Table of Contents

Benchmarking

The benchmark project lives at src/Rowles.LeanLucene.Benchmarks and uses BenchmarkDotNet.

Run

Use the wrapper scripts for normal runs:

.\scripts\benchmark.ps1 -Suite query -Strat fast
./scripts/benchmark.sh --suite query --strat fast

They set the output layout and metadata. You can still run BenchmarkDotNet directly:

dotnet run -c Release --project src/Rowles.LeanLucene.Benchmarks -- --filter '*'

Filter to a specific class:

dotnet run -c Release --project src/Rowles.LeanLucene.Benchmarks -- --filter '*SearchBenchmarks*'

Output layout

Results land under ./bench/{machine}/..., where {machine} is the local hostname. This keeps results from different machines from overwriting each other when the directory is shared via source control.
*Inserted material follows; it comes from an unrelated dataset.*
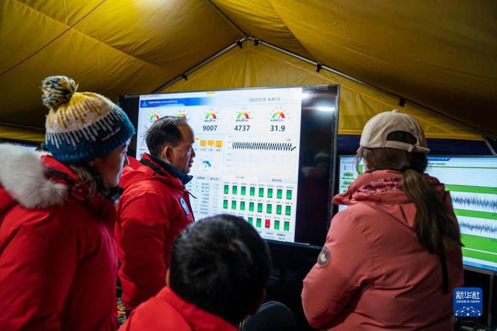 中科院院士、第二次青藏高原綜合科學(xué)考察研究隊(duì)隊(duì)長(zhǎng)姚檀棟(左二)查看觀測(cè)儀器數(shù)據(jù)(5月15日 攝)。新華社記者 孫非 攝

The corpus and any generated indices used by the benchmarks also live under ./bench.

Each run writes:

File Contents
report.json Consolidated run, suite, statistics, GC and provenance data
{suite}/... BenchmarkDotNet markdown, CSV and JSON output
../index.json Per-machine list of runs

Strategies

Strategy Use
fast Smoke test, 500 docs, dry job
quick-compare Short comparison, 1,000 docs
intense Full run, 10,000 docs
stress Larger stress run, 50,000 docs

Pass -Controlled or --controlled for a deterministic local diagnostic preset.

Real data

Use -PrepareData or --prepare-data to fetch data if it is missing:

.\scripts\benchmark.ps1 -PrepareData -BookCount 200

The report records data source names, file counts, byte counts, document counts and SHA-256 fingerprints.

Copied source trees

If the benchmark source has no .git folder, pass provenance explicitly:

.\scripts\benchmark.ps1 -SourceCommit abc123 -SourceRef main -SourceManifest manifest.json
./scripts/benchmark.sh --source-commit abc123 --source-ref main --source-manifest manifest.json

Comparing runs

BenchmarkDotNet writes Markdown, CSV, and JSON reports per run. Diff JSON files between runs to surface regressions. Prefer report.json when comparing whole runs, because it includes the benchmark data fingerprint.